My brother, for example, was never easy. I knew he was hiding something, but regardless of how often we talked, he never offered me a clue that anything was wrong. But I could feel it. I knew. Yet there was nothing I could do until he decided to share.
My best guess was that it was something to do with his concern over his ankle healing to full strength or something like that. It’d make sense for him to have those kinds of fears. While he was finally off the crutches, he still favored his good leg, and Jason still wasn’t sure if he’d ever get back his full mobility again. The Pack needed him for patrols anyway, but I couldn’t let him go out alone anymore. His bruised ego came across in a short temper and overall bad attitude, but I didn’t know what else I could do. Being the Alpha, he had to obey my order, but he didn’t have to like it.
I understood my father more and more every day.
And then there was Lana.
I stopped Bruce as we came around to the chair underneath the tree. Lana’s fingers slowed and finally rested on the laptop keyboard as she looked up at me. “I thought you were training the horses.”

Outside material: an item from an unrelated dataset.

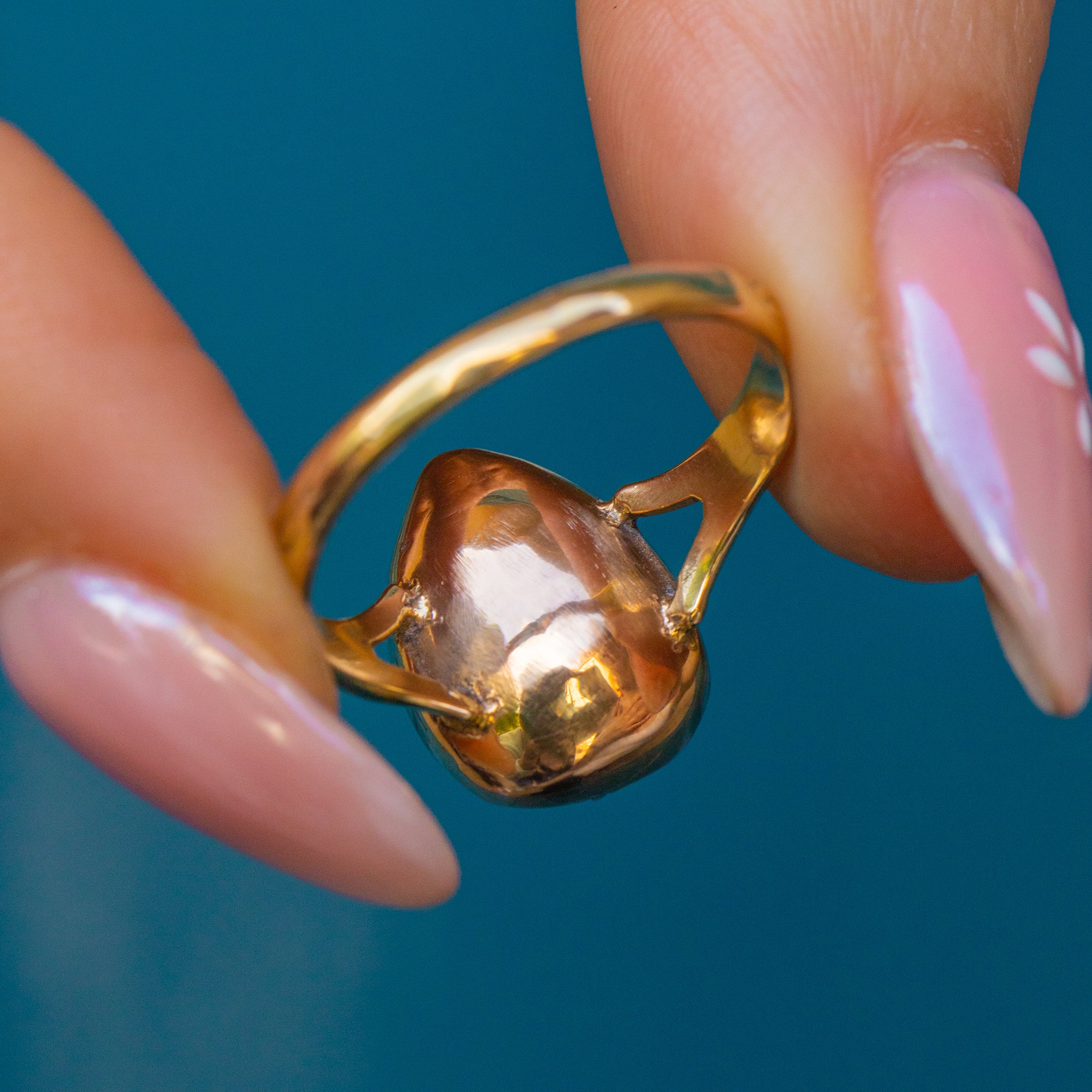 Pie crust settings crafted entirely from sun-kissed 9ct Gold hug the pear-shaped Garnet securely, displayed between tapered shoulders with delicate engravings. With an elegant form throughout, this Georgian Garnet ring elongates your hand, bringing a touch of regality. With a smooth domed back, this pear Garnet ring glides onto your hand a dream, allowing you to display her beauty in comfort.

I put my hand on the saddle horn and grinned down at my wife. She’d married me just over a month ago, making me the luckiest bastard in the world. “I am, but my wife keeps distracting me.”
She laughed and closed her laptop, exposing her enormous round belly. My heart swelled in my chest. Our babies were due any day, and I was eager and terrified all at once. Jason seemed confident he could deliver the babies without a problem, but Jason always seemed confident. I was pretty sure doctors had to pass a class in confidence.
“Your wife is the size of a house at the moment.” She rubbed her belly with both hands. “Ripe and ready to burst.”
I jumped off of Bruce and lifted the reins over his head. Leading him over to Lana, I took her hand and helped her up from the chair. As soon as she was vertical her face went white. Her grip on my hand squeezed until I felt my knuckles popping.
“Luke,” I screamed. “I need you. Now!”
He poked his head around the corner. “Yeah?”
“Come get Bruce. Lana’s in labor.” Luke snatched the reins from me quickly. “Call Jason.”
Luke nodded, and took the horse back to the barn while I scooped Lana up into my arms. She winced, her brow already beading with sweat.
“Jason’s on his way. It’ll be okay.”
She nodded, blowing out her breath the way we’d been practicing. It hurt me to see the pain etched in the lines of her face. Guilt weighed on me, and I wished I could take the burden from her. But all I could do was lay her out on the bed and hold her hand. For the next half hour I kept watching the clock, timing her contractions. Jason had said it could take hours, but the contractions were already under five minutes apart. These babies were ready. I did my best not to panic.